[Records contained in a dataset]
# # # # #

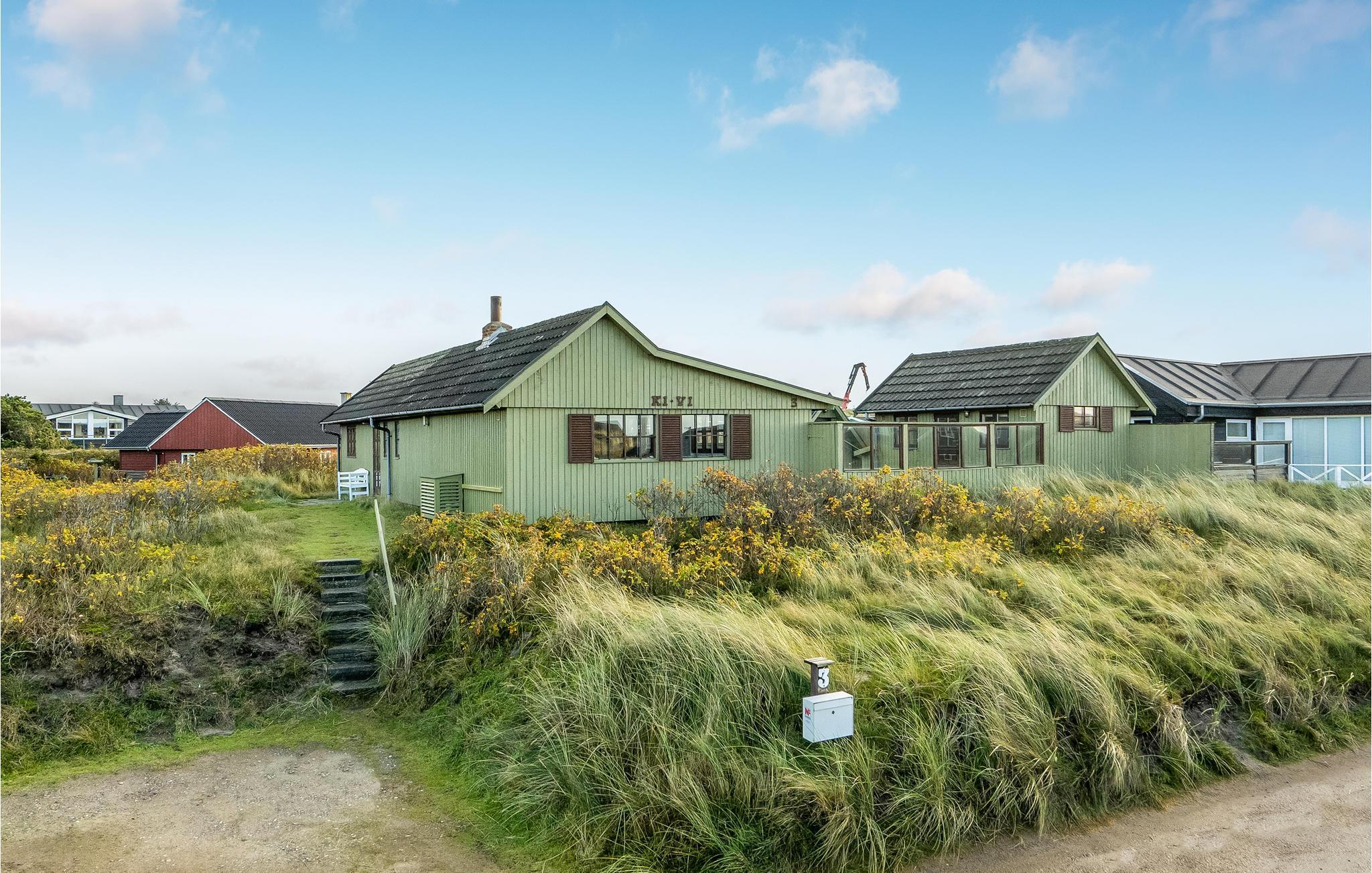 Dette hyggelige træhus er placeret på en højtliggende klitgrund i Rindby, tæt ved stranden.
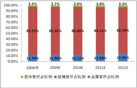 2008年—2012年我國(guó)中小功率激光切割加工設(shè)備產(chǎn)品結(jié)構(gòu)變化趨勢(shì)如下圖所示:
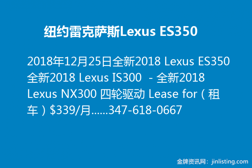 纽约雷克萨斯Lexus ES350 / IS300 / NX300 347-618-0667
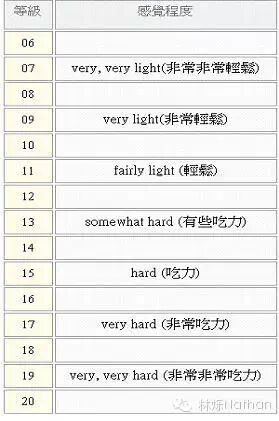 训练的强度简单的分类(大致上是这样,但可能不同的书上或是协会建议的数字会略有不同):
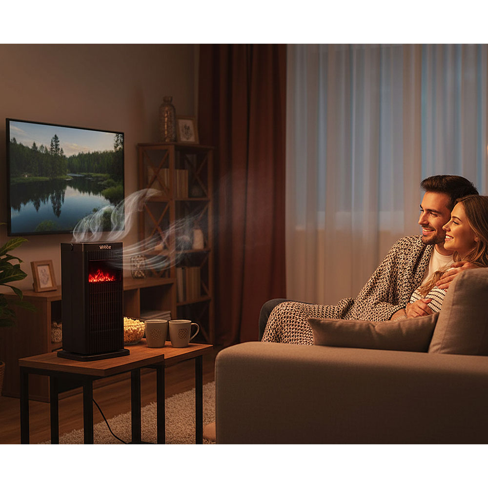 Stufa elettrica con led effetto camino 230V. Potenza regolabile 900-1500W. Con funzione oscillante. Con protezione da surriscaldamento. Fiamma 3D

# # # # #

*WHAT IS EXPECTED*: Excluding all pictures, output exactly the lines from the line containing "2008年—2012年我國(guó)中小" through the last line of the entries above.

*SOLUTION FOR THIS TASK*:
 2008年—2012年我國(guó)中小功率激光切割加工設(shè)備產(chǎn)品結(jié)構(gòu)變化趨勢(shì)如下圖所示:
 纽约雷克萨斯Lexus ES350 / IS300 / NX300 347-618-0667
 训练的强度简单的分类(大致上是这样,但可能不同的书上或是协会建议的数字会略有不同):
 Stufa elettrica con led effetto camino 230V. Potenza regolabile 900-1500W. Con funzione oscillante. Con protezione da surriscaldamento. Fiamma 3D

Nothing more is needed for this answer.